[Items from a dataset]
------------
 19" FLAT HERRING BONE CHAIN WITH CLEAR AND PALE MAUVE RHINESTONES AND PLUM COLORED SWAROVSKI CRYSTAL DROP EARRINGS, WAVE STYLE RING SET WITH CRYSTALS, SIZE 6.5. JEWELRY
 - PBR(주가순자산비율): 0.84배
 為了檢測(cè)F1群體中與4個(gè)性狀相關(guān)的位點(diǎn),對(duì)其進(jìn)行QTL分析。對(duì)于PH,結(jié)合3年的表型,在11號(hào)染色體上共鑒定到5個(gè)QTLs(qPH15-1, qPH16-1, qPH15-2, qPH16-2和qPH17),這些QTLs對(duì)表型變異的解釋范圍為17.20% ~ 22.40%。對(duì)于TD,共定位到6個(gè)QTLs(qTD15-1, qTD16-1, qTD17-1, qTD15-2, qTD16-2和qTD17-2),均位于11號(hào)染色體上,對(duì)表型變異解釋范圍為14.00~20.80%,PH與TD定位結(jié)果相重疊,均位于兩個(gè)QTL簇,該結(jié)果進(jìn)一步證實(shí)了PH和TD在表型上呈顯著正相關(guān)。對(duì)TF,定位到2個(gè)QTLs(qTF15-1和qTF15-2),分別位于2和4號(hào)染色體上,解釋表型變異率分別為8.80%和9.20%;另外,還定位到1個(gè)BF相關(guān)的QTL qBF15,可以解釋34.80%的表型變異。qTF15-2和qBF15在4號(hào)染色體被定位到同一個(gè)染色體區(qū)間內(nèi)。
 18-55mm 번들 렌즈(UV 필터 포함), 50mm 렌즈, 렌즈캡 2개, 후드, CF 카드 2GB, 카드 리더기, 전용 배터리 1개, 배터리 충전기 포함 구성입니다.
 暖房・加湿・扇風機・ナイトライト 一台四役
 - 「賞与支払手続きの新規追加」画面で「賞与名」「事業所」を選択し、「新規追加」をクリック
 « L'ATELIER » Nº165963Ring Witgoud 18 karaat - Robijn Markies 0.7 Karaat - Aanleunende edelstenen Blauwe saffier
------------
* _Task objective_
All of the data is to be transcribed exactly as written.

* _Output below_
 19" FLAT HERRING BONE CHAIN WITH CLEAR AND PALE MAUVE RHINESTONES AND PLUM COLORED SWAROVSKI CRYSTAL DROP EARRINGS, WAVE STYLE RING SET WITH CRYSTALS, SIZE 6.5. JEWELRY
 - PBR(주가순자산비율): 0.84배
 為了檢測(cè)F1群體中與4個(gè)性狀相關(guān)的位點(diǎn),對(duì)其進(jìn)行QTL分析。對(duì)于PH,結(jié)合3年的表型,在11號(hào)染色體上共鑒定到5個(gè)QTLs(qPH15-1, qPH16-1, qPH15-2, qPH16-2和qPH17),這些QTLs對(duì)表型變異的解釋范圍為17.20% ~ 22.40%。對(duì)于TD,共定位到6個(gè)QTLs(qTD15-1, qTD16-1, qTD17-1, qTD15-2, qTD16-2和qTD17-2),均位于11號(hào)染色體上,對(duì)表型變異解釋范圍為14.00~20.80%,PH與TD定位結(jié)果相重疊,均位于兩個(gè)QTL簇,該結(jié)果進(jìn)一步證實(shí)了PH和TD在表型上呈顯著正相關(guān)。對(duì)TF,定位到2個(gè)QTLs(qTF15-1和qTF15-2),分別位于2和4號(hào)染色體上,解釋表型變異率分別為8.80%和9.20%;另外,還定位到1個(gè)BF相關(guān)的QTL qBF15,可以解釋34.80%的表型變異。qTF15-2和qBF15在4號(hào)染色體被定位到同一個(gè)染色體區(qū)間內(nèi)。
 18-55mm 번들 렌즈(UV 필터 포함), 50mm 렌즈, 렌즈캡 2개, 후드, CF 카드 2GB, 카드 리더기, 전용 배터리 1개, 배터리 충전기 포함 구성입니다.
 暖房・加湿・扇風機・ナイトライト 一台四役
 - 「賞与支払手続きの新規追加」画面で「賞与名」「事業所」を選択し、「新規追加」をクリック
 « L'ATELIER » Nº165963Ring Witgoud 18 karaat - Robijn Markies 0.7 Karaat - Aanleunende edelstenen Blauwe saffier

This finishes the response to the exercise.